*REQUIRED WORK:*
Using the records that appear below, write out exactly the lines from the one with "đã tham gia" through the one with "ترنديول طقم بيجامة", keeping both end lines.

*SOURCE MATERIAL:*
◆ ◆ ◆ ◆ ◆ ◆ ◆
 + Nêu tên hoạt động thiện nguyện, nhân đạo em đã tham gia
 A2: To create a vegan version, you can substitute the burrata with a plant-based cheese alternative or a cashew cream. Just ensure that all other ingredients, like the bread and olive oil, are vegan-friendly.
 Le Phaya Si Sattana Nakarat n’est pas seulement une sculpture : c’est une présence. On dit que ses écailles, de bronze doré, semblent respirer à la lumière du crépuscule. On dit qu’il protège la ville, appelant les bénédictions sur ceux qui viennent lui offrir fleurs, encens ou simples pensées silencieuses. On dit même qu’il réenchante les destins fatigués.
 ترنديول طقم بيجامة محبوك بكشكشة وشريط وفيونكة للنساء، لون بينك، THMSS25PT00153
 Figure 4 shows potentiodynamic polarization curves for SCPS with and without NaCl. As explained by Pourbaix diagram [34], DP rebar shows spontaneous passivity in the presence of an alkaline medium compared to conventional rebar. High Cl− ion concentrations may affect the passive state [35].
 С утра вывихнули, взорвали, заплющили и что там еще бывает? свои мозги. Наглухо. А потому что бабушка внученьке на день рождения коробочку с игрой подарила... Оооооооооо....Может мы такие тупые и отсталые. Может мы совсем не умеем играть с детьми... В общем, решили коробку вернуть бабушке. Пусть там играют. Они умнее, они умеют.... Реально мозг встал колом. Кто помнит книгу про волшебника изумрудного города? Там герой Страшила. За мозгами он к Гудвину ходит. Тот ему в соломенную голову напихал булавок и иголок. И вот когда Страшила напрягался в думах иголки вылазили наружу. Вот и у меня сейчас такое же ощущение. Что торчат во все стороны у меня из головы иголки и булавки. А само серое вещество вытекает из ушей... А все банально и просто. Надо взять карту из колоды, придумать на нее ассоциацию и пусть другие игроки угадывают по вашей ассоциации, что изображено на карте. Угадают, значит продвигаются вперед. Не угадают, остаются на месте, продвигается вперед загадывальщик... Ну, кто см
◆ ◆ ◆ ◆ ◆ ◆ ◆
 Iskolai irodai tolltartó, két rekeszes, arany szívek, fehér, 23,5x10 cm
◆ ◆ ◆ ◆ ◆ ◆ ◆
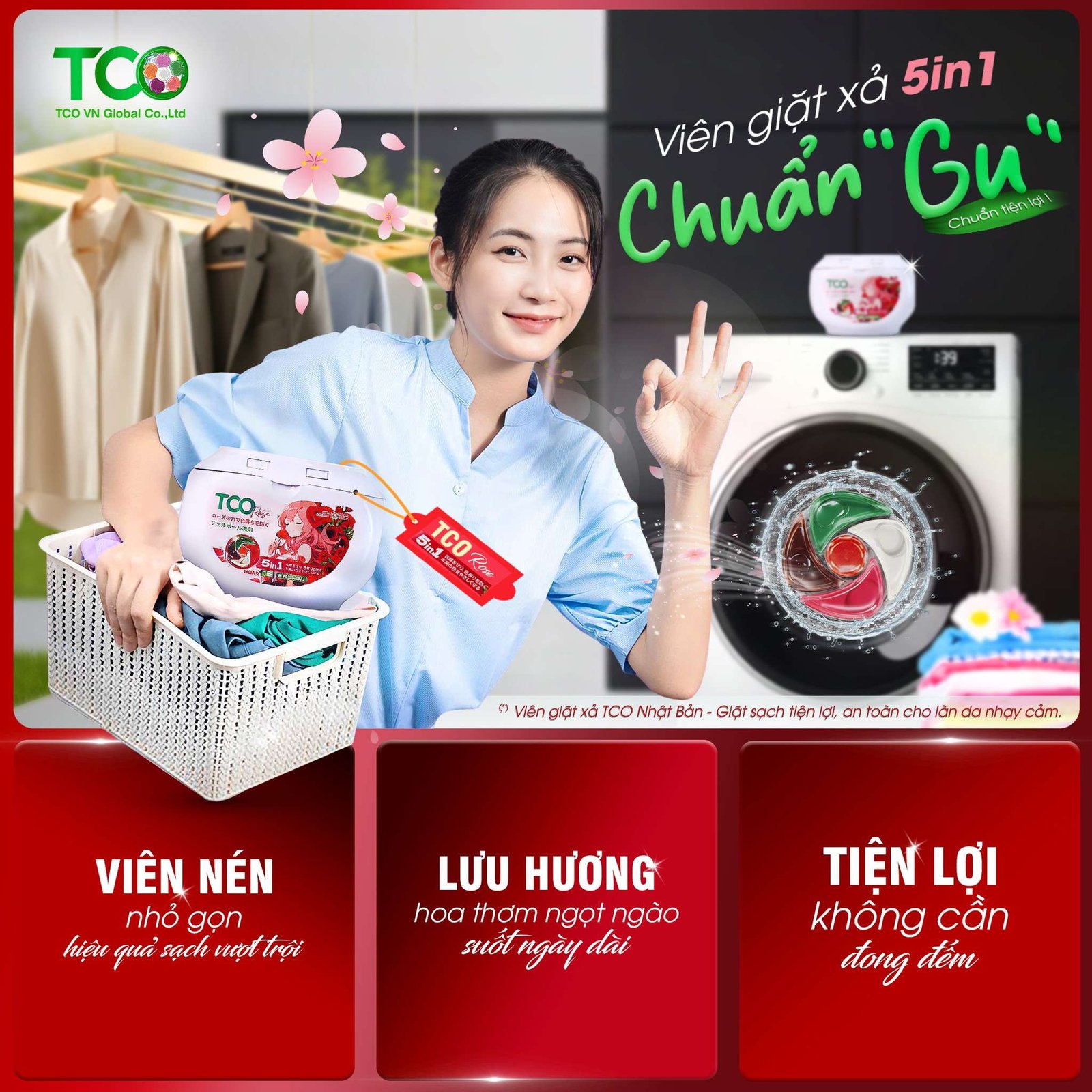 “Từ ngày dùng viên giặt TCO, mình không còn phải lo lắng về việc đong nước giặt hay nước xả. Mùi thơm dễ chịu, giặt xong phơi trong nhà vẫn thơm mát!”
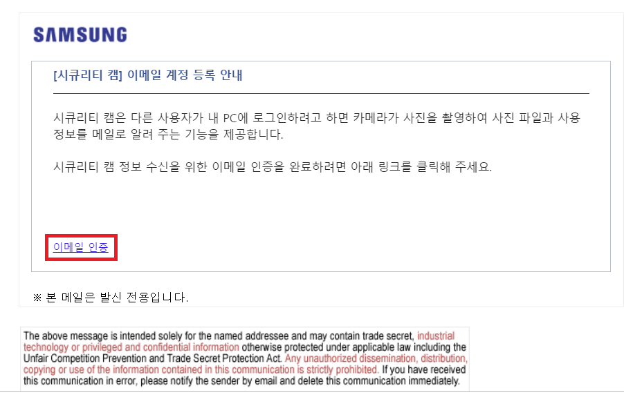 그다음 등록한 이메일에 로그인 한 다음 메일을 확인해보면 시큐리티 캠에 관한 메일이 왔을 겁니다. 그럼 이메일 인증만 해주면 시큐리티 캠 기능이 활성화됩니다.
◆ ◆ ◆ ◆ ◆ ◆ ◆
*EXERCISE OUTPUT:*
 + Nêu tên hoạt động thiện nguyện, nhân đạo em đã tham gia
 A2: To create a vegan version, you can substitute the burrata with a plant-based cheese alternative or a cashew cream. Just ensure that all other ingredients, like the bread and olive oil, are vegan-friendly.
 Le Phaya Si Sattana Nakarat n’est pas seulement une sculpture : c’est une présence. On dit que ses écailles, de bronze doré, semblent respirer à la lumière du crépuscule. On dit qu’il protège la ville, appelant les bénédictions sur ceux qui viennent lui offrir fleurs, encens ou simples pensées silencieuses. On dit même qu’il réenchante les destins fatigués.
 ترنديول طقم بيجامة محبوك بكشكشة وشريط وفيونكة للنساء، لون بينك، THMSS25PT00153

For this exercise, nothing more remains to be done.